Financial markets have fluctuated significantly as the COVID-19 epidemic has progressed.These fluctuations likely reflect both the anticipation of a steep drop in corporate earnings, as well as a reassessment of the risk of business investment. It is important to separate these two factors because upward revisions in risk perceptions can themselves reduce investment, deepening and prolonging the recession.
To understand movements in risk perceptions relevant for the macroeconomy in near real-time, the authors employ the “price of volatile stocks” (PVSt)1, which is the book-to-market ratio of low-volatility stocks minus the book-to-market ratio of high-volatility stocks. In previous work, the authors showed that PVSt is low when perceived risk directly measured from surveys and option prices is high. Further, using time-series data from 1970 to 2016, the authors showed that when perceived risk is high according to PVSt, future real investment tends to be lower because the cost of capital is higher for risky firms.
Figure 1 shows a daily time series of the authors’ measure of perceived risk, PVSt, from 1970 and through April 2020. It shows the price of volatile stocks fell sharply – and hence perceived risk rose sharply – as news about COVID-19 was hitting US markets and households in March 2020. PVSt reached its low for the year on April 3, 2020, when it was down 2.6 standard deviations from its level at the start of 2020. While this decline is large, it is comparable to movements in risk perceptions in prior recessions, particularly the downturn following the dotcom bubble in the early 2000s. It is also much smaller than the move in risk perceptions during the financial crisis of 2008-2009. Estimates for the period 1970-2016 indicate that a move in risk perceptions of the size experienced from the beginning of the year until this trough has typically been associated with a drop in the natural real risk-free rate of 3.3 percentage points, and a decline in the ratio of economy-wide capital expenditures to total assets of ratios of 0.91 percentage points (relative to a pre-2016 standard deviation of 1.16%).

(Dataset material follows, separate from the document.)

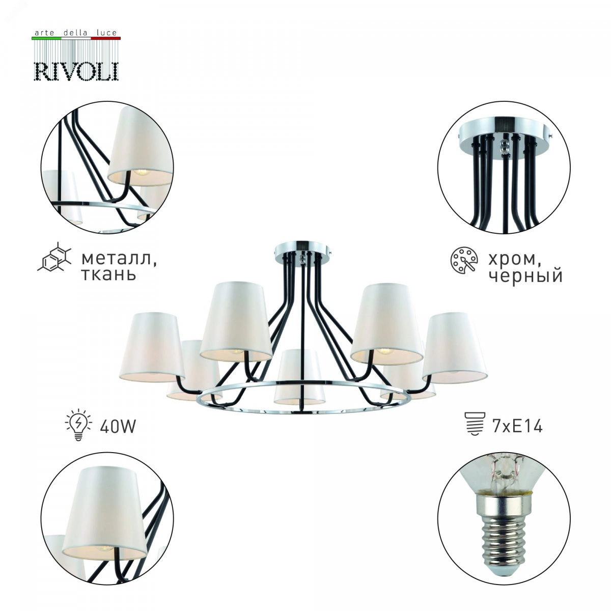 Полное описание: Люстра Florence 2086-307 7 х Е14 40 Вт классика
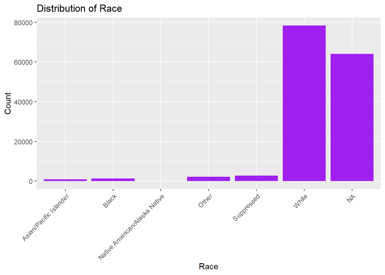 # Race distributionggplot(lymedisease_cleandata, aes(x = Race)) +geom_bar(fill ="purple") +labs(title ="Distribution of Race", y ="Count", x ="Race") +theme(axis.text.x =element_text(angle =45, hjust =1))

Figure 2 provides a close-up view of PVSt and the aggregate stock market during the COVID-19 pandemic (February 14, 2020 through April 30, 2020). The figure shows that PVSt is useful for interpreting individual events during the COVID-19 crisis and often contains information that is distinct from the aggregate stock market. One thing that stands out from this figure is that the steep drop in the aggregate stock market at the end of February left PVStalmost completely untouched, implying that perceptions of risk had not changed significantly. In other words, the evolution of PVSt at the onset of the crisis suggests that investors initially believed there would be a short-term decline in earnings, but did not believe there would be an amplification effect from heightened risk perceptions to the aggregate economy. However, PVSt and the aggregate market began to drop in tandem around March 11, the day the WHO declared COVID-19 a pandemic and wide-spread international travel restrictions were imposed. One possible interpretation for this decoupling and recoupling is that COVID-19 initially appeared to affect only the short-term cash flows of internationally connected firms, whereas the spread of the virus and the associated policy measures imposed in mid-March affected the risk outlook for a much broader swath of the economy. These trends were in turn reflected in the prices of volatile stocks.
Another striking feature of Figure 2 is the large increase in PVSt that began on April 21, 2020, the day that the United States Senate passed the Paycheck Protection Program and Health Care Enhancement Act. The bill provided nearly $500 billion in additional funding to support the CARES Act, much of which was geared towards aiding small and medium-sized businesses. PVSt increased nearly 0.66 standard deviations between the time that the bill was passed in the Senate and when it was signed into law by President Trump on April 24. Interestingly, the market-to-book ratio of the aggregate stock market increased only 0.17 standard deviations over the same time period. The differential response of PVSt and the aggregate stock market to the passing of the bill is consistent with the authors’ previous interpretation that PVSt reflects perceptions of risk that are relevant for privately owned firms, which tend to be smaller and riskier than the larger, less volatile publicly traded firms that dominate the aggregate stock market.